### EXERCISE DESCRIPTION
For this listing, reproduce the line with "タイラバ ネクタイ ティンセル付", the line with "В квартире один", and the lines between, exactly as they stand. Leave out pictures and all other lines.

### LISTED ENTRIES
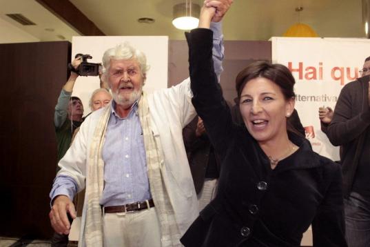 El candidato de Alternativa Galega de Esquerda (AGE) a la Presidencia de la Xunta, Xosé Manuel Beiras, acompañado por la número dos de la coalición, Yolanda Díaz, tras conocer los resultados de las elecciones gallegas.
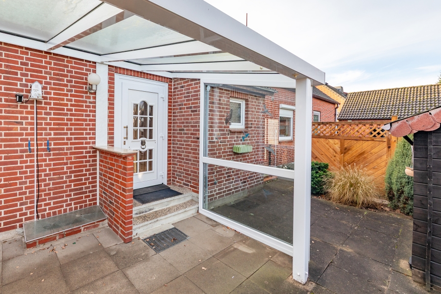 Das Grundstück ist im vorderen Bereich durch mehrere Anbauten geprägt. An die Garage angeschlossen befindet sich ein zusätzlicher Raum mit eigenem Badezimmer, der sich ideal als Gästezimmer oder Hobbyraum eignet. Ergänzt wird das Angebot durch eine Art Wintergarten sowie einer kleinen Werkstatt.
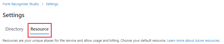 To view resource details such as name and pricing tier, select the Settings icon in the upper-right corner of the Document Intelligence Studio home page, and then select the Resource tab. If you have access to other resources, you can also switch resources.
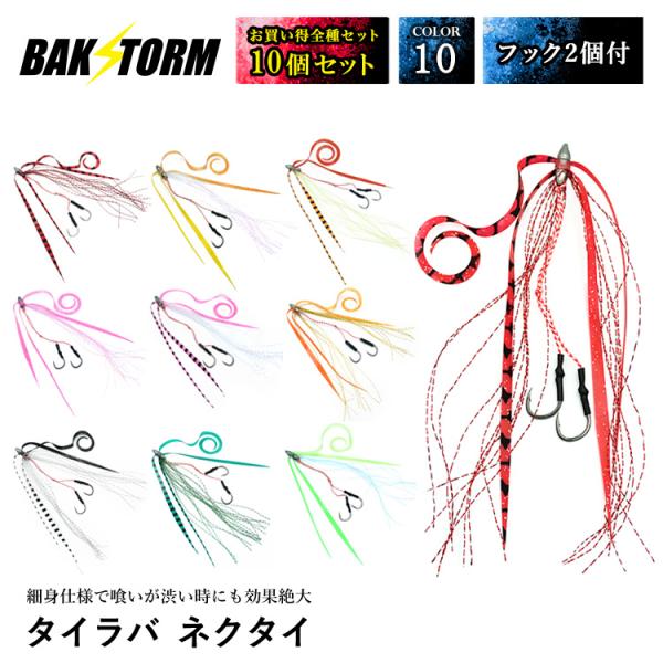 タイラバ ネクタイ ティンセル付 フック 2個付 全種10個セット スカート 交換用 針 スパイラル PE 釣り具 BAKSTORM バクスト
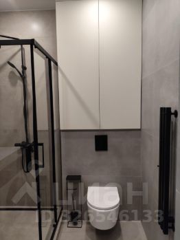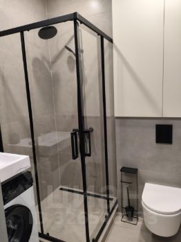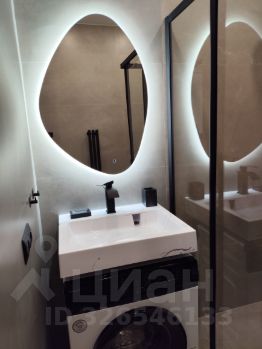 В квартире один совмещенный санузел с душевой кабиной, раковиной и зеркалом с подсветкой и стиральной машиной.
---
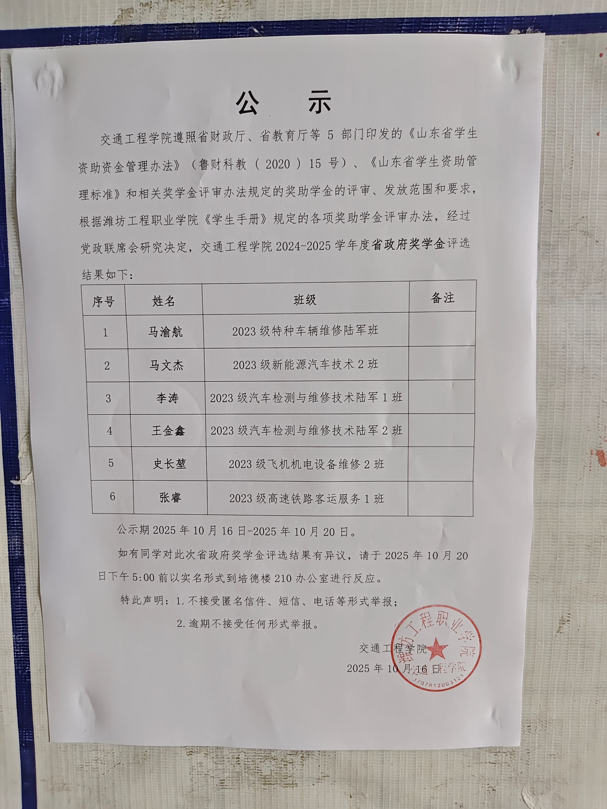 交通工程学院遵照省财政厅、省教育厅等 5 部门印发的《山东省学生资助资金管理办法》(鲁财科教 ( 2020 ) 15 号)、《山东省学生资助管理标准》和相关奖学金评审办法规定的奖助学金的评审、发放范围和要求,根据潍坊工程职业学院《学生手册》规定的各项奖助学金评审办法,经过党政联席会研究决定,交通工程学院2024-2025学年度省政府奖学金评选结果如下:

### TASK SOLUTION
 タイラバ ネクタイ ティンセル付 フック 2個付 全種10個セット スカート 交換用 針 スパイラル PE 釣り具 BAKSTORM バクスト
 В квартире один совмещенный санузел с душевой кабиной, раковиной и зеркалом с подсветкой и стиральной машиной.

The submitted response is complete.